I am not sure if N. ceranae was the main causal agent of colony weakness and colonies collapse in study. I would like to see the information in N. ceranae , DWV and trypanosomes load level in honey bee collected. This information must be showed in this study.

As mentioned before:

1.- The dynamic of nosemosis C in the colony provokes the mean spore count fluctuates greatly from the start to the end of the disease in interior bees and it is not a reliable measure of a colony’s health when bees are infected with N. ceranae. Thus, foragers are always more infected than interior bees. The more foragers infected, the smaller the number of brood combs and the fewer frames of bees [1].

2.- Regarding DWV, the viral loads were not determined because workers did not display DWV clinical signs. The latent presence of viruses in Apis mellifera is well known in the literature, and, while showing no signs of disease, they may destroy bee fitness and health during favourable conditions (e.g. Varroa destructor infestations). However, in the case of the infection by  Nosema ceranae,  it has been demonstrated these two pathogens are not acting synergistically [2-5]. Moreover, it has been observed under laboratory conditions, that the inoculation of DWV does not have an impact on N. ceranae infection. On the contrary, prior establishment of N. ceranae has a significant negative impact on the load of DWV [6].

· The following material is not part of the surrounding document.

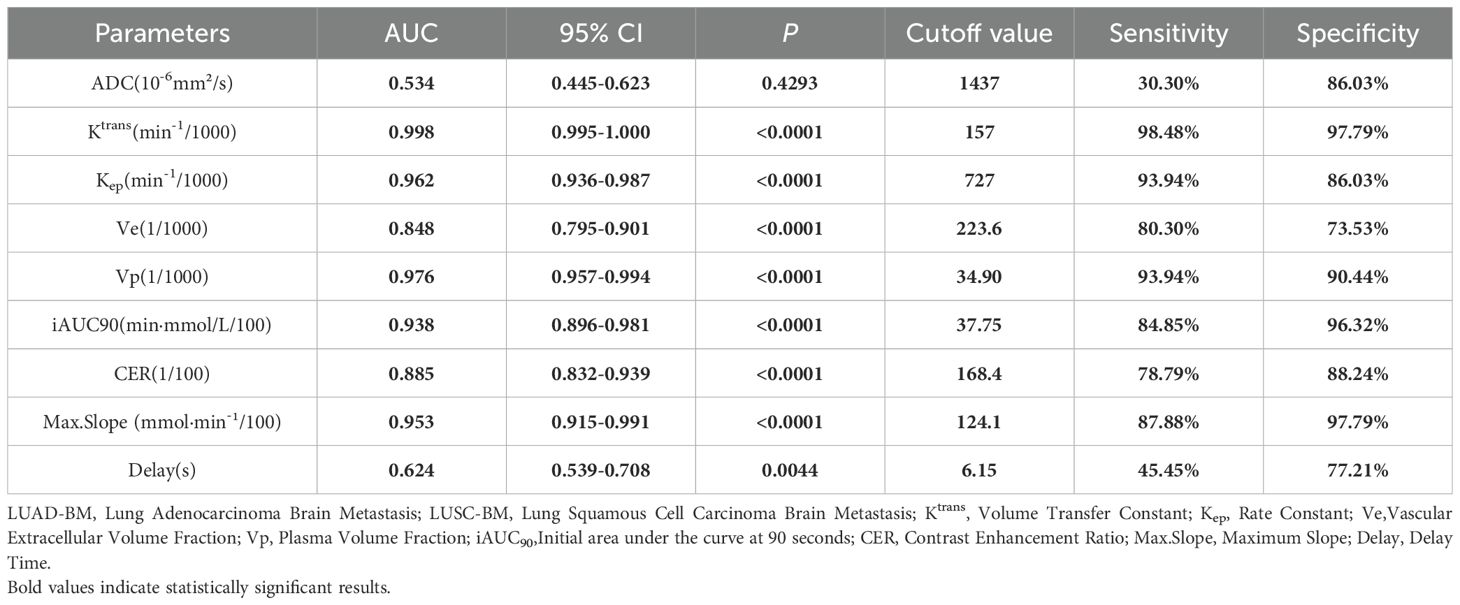 In differentiating LUAD-BM from LUSC-BM, DCE-MRI parameters exhibited superior reliability. The Ktrans parameter achieved near-perfect diagnostic performance (AUC = 0.998, p<0.0001), with 98.48% sensitivity and 97.79% specificity at a cutoff of 157 min-¹/1000, establishing it as the core diagnostic indicator. Vp and Max. Slope also demonstrated excellent efficacy (AUC = 0.976 and 0.953, respectively). For Vp, a cutoff of 34.90/1000 resulted in 93.94% sensitivity and 90.44% specificity. For Max. Slope, a cutoff of 124.1 mmol·min-¹/100 yielded 87.88% sensitivity and 97.79% specificity. Kep and iAUC90 also performed notably well (AUC = 0.962 and 0.938, respectively). At cutoffs of 727 min-¹/1000 and 37.75 min·mmol/L/100, they achieved sensitivities of 93.94% and 84.85%, and specificities of 86.03% and 96.32%. Ve and CER parameters showed moderate efficacy (AUC = 0.848 and 0.885, respectively), with sensitivities of 80.30% and 78.79% and specificities of 73.53% and 88.24% at cutoffs of 223.6/1000 and 168.4/100. In contrast, the ADC value (AUC = 0.534, p=0.4293) lacked statistical significance and was ineffective for differentiating LUAD-BM from LUSC-BM.

3.- we used Meuus’ primers with screening purposes, due to their high sensitiveness as made in previous works [10-12].  In any case, following the recommendations of the reviewer, in order to confirm the negative results and we used  Stevanovic  et al primers [13] and the manuscript updated with the results.

Reviewer 2 Report

Elena Alonso-Prados and colleagues investigated potential causes of colony collapse in a Spanish apiary.

 

Line 38: about "maintaining the homeostasis of different ecosystems", I believe there are more adequate literatures to cite, such as:

Ernest SKM and Brown JH. 2001. Homeostasis and Compensation: The Role of Species and Resources in Ecosystem Stability. Ecology, 82(8):2118-2132.

 

In lines 48-54: the paragraph about the decline of honey bee colonies (and the different factors currently known and associated with CCD) should be better organized and expanded.

 

In item 2.1. Veterinary inspection: please write more clearly about the seasons and their corresponding months (beginning of autumn 2015, winter, early spring 2016).

 

In item 2.2. Pathogen screening: it is really important to mention what was not detected in the samples (lines 109-112), but I recommend not putting the undetected parameters in the legend of Table 1.

 

In lines 118-119: "natural logarithm of the toxic unit of the mixture in each colony (Ln(TUm))" needs to be better explained somewhere in the manuscript.

 

In item 2.1.1. Varroa mite resistance to acaricides (lines 122-126 and Table 2): the entire dataset needs to be clearly and better explained.

 

The discussion section is interesting, but it could be more objective (summarized) and focused only on the case study data.

 

The methodology is quite extensive but I still think it deserves a little more detail so that readers from other areas can understand the entire study.

 

I recommend that authors add more collected data as supplementary material, such as PCR or RT-PCR images, pollen images, and so on.

Author Response

Answer to Reviewer 2: the different causes involved in the CDD phenomenon has been expanded and reorganized in the introduction section. Additionally, further details on the test of Varroa mite resistance and Ln(TU)  have been included in the results section. Regarding the discussion section, we focused on the possible cause of the collapse event based on the experimental results of screening analysis of pathogens, residue and palynological analysis of the beebread and climatic conditions, and justified why.  In principle the beekeeper considered the main cause was the action of Varroa mites, which was ruled out due to the lack of symptomatic signs during the veterinary visit.   Nevertheless, the infection levels by N. ceranae were very high which seem to be the main cause of the collapse of the apiary and the clinical signs. The palynological analysis showed the colonies foraged mainly on wild flora, which was not contaminated by pesticides used in the agriculture, ruling out the exposure to pesticides used in agriculture as possible driver of the collapse event.  We supposed that the evolution of N. ceranae infection could be favoured by the presence of high levels of veterinary acaricides in the beebread and the unusual climatic conditions. Moreover, the discussion includes some information on how these factors can favour the evolution of the disease. Finally, further details on the methodology followed for the screening of pathogens are included in the ms and supplementary information.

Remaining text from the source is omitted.